**Supplied information**
#####
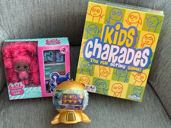 If you are looking for New toys for Christmas presents, here you go! Choice of #1) “Kids Charades” game. New in unopened box, hours of fun for kids ages 7+, #2) LOL Surprise Series 2 Hair Hair Hair set. New in unopened box or #3) Disney “Stitch” mystery Beach Waves vinyl figures. New and unopened. They are From a pet and smoke free. Please tell me your choice when asking about them. Choice at $10 each. No Venmo or other form of payment. FCFS on choice with no holds or delivery. Porch pick up in Sherman Illinois.
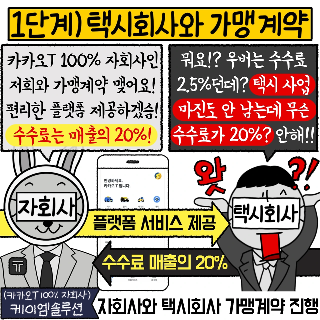 우선 카카오T의 100% 자회사인 ‘케이엠솔루션’과 택시 회사 간 가맹 계약을 맺게 됩니다. “택시 가맹 계약”을 맺게 되면, 카카오T는 손님과 택시를 연결시켜주는 플랫폼을 제공하고, 택시 회사는 카카오T에게 플랫폼 사용 수수료를 지급하게 되는데요! 카카오T는 “가맹 수수료를 택시 회사 매출의 20%”로 책정하였습니다.
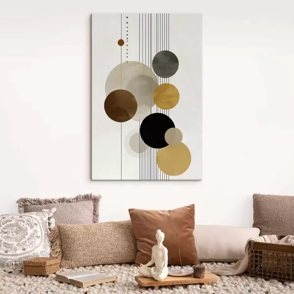 Paveikslas abstrakcija su apskritimais ir linijomis šiltomis spalvomis Nr s47237
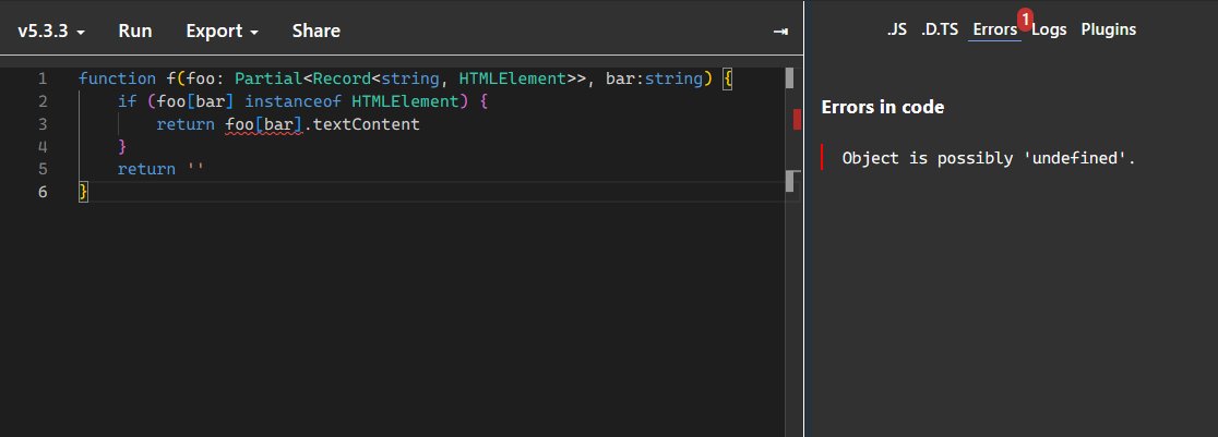 Ooh, look at me, I'm TypeScript Compiler, I can do control flow analysis on normal records, but not THIS record, because THIS record is PARTIAL, which means the indexed property could have fallen through a trapdoor between lines 2 and 3. Ooh! Oooh!!
#####
**Your assignment**
Everything in the listing above, apart from its pictures, must be repeated exactly.

**Answer for this exercise**
 If you are looking for New toys for Christmas presents, here you go! Choice of #1) “Kids Charades” game. New in unopened box, hours of fun for kids ages 7+, #2) LOL Surprise Series 2 Hair Hair Hair set. New in unopened box or #3) Disney “Stitch” mystery Beach Waves vinyl figures. New and unopened. They are From a pet and smoke free. Please tell me your choice when asking about them. Choice at $10 each. No Venmo or other form of payment. FCFS on choice with no holds or delivery. Porch pick up in Sherman Illinois.
 우선 카카오T의 100% 자회사인 ‘케이엠솔루션’과 택시 회사 간 가맹 계약을 맺게 됩니다. “택시 가맹 계약”을 맺게 되면, 카카오T는 손님과 택시를 연결시켜주는 플랫폼을 제공하고, 택시 회사는 카카오T에게 플랫폼 사용 수수료를 지급하게 되는데요! 카카오T는 “가맹 수수료를 택시 회사 매출의 20%”로 책정하였습니다.
 Paveikslas abstrakcija su apskritimais ir linijomis šiltomis spalvomis Nr s47237
 Ooh, look at me, I'm TypeScript Compiler, I can do control flow analysis on normal records, but not THIS record, because THIS record is PARTIAL, which means the indexed property could have fallen through a trapdoor between lines 2 and 3. Ooh! Oooh!!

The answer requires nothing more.